Bulk Import Tool overview
Bulk Import Tool imports documents in bulk into an object store. The documents are usually in the form of TIFF images and are generated by an external process.
The documents are imported as a batch process. The location of the documents to be imported is specified in the transact.dat file. They can be in the same directory as the transact.dat file, in a subdirectory, or in a different location.
The Bulk Import Tool is multi-threaded, so you can run multiple batches in which each thread processes batches simultaneously. Threads can be set to three by default or to another value by using the -CE switch. If you run a single batch of 100,000 items, one thread processes all of the items in that batch. The other two threads sit idle while the batch is processed.

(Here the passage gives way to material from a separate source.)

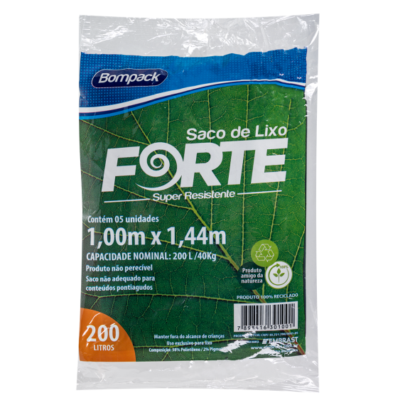 Saco de lixo produzido 98% em polietileno (PE) e 2% em pigmentos da marca Bompack, com tamanho 100x144cm e capacidade 200l, contendo 5 unidades por embalagem.

The location of the transact.dat file is specified in the batchname.eob file. The batchname.eob file is in the working directory. The transact.dat file is used to tell the Bulk Import Tool how to process the batches of documents. The transact.dat file provides information that describes the makeup of each document. The transact.dat file also provides a class code. This code associates the document with a document class, property values to assign to the document, and content description paths, such as the location of the document content. All of the information is used in Bulk Import Tool operations and can contain definitions to different document classes in the same batchname file.
If a batchname.lck file exists and a new batchname.eob file is added with the same batchname, the .lck file will cause a reprocess of the previous batch followed by the new processing of the batch specified with the batchname.eob file. Ensure that previously incomplete batches are properly recovered before introducing new batches using the same name.
- Using smaller batch sizes and increasing the number of threads that each instance of the Bulk Import Tool processes.
- Running multiple instances of the Bulk Import Tool on separate machines/JVM/CPU to reduce the risk of a system bottleneck.
- Using a shared working directory, such as in a cluster, to have one location in which to place batches. All instances of the Bulk Import Tool would poll that location for work.